▶ TRY IT:
The task requires repeating, word for word, the lines from the one with "искусственная кожа, 28×19×6" through the end of the material, leaving out all pictures.

▶ DATA EXTRACT:
-----
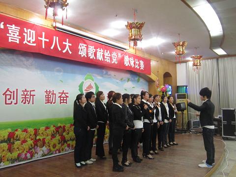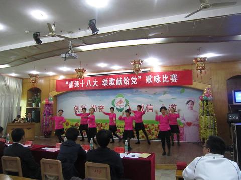 为了迎接党的十八大顺利召开,进一步激发全院职工的爱党、爱国情怀,11月7日下午,我院在八楼会议室举办了“颂歌献给党,喜迎十八大”歌咏比赛。院长曾常爱、党委副书记罗美华、王政华等院领导及全院教职工共150多人观看比赛。
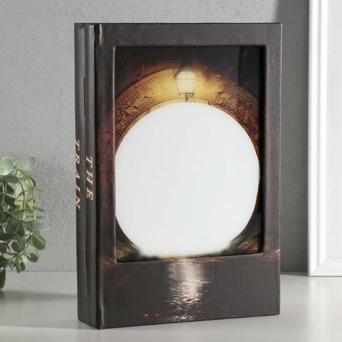 Шкатулка-книга световая «Поезд в туннеле», дерево, искусственная кожа, 28×19×6 см информация:
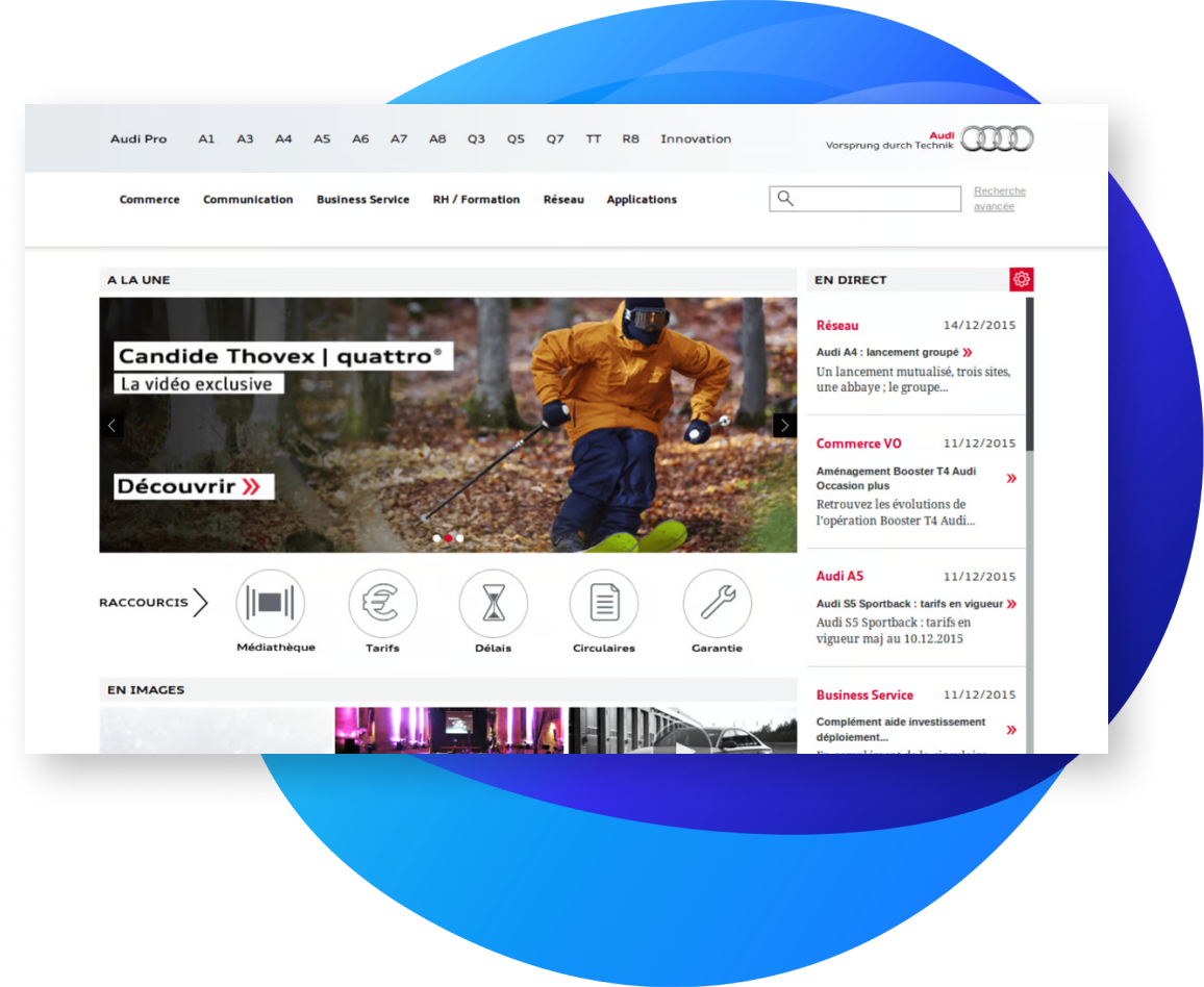 パーソナライゼーション機能や検索機能、セルフサービス機能により『コンテンツが多すぎる』や『情報共有が徹底できていない』といった大企業によくある課題を解決できます。
-----
▶ OUTPUT FOR THIS EXERCISE:
 Шкатулка-книга световая «Поезд в туннеле», дерево, искусственная кожа, 28×19×6 см информация:
 パーソナライゼーション機能や検索機能、セルフサービス機能により『コンテンツが多すぎる』や『情報共有が徹底できていない』といった大企業によくある課題を解決できます。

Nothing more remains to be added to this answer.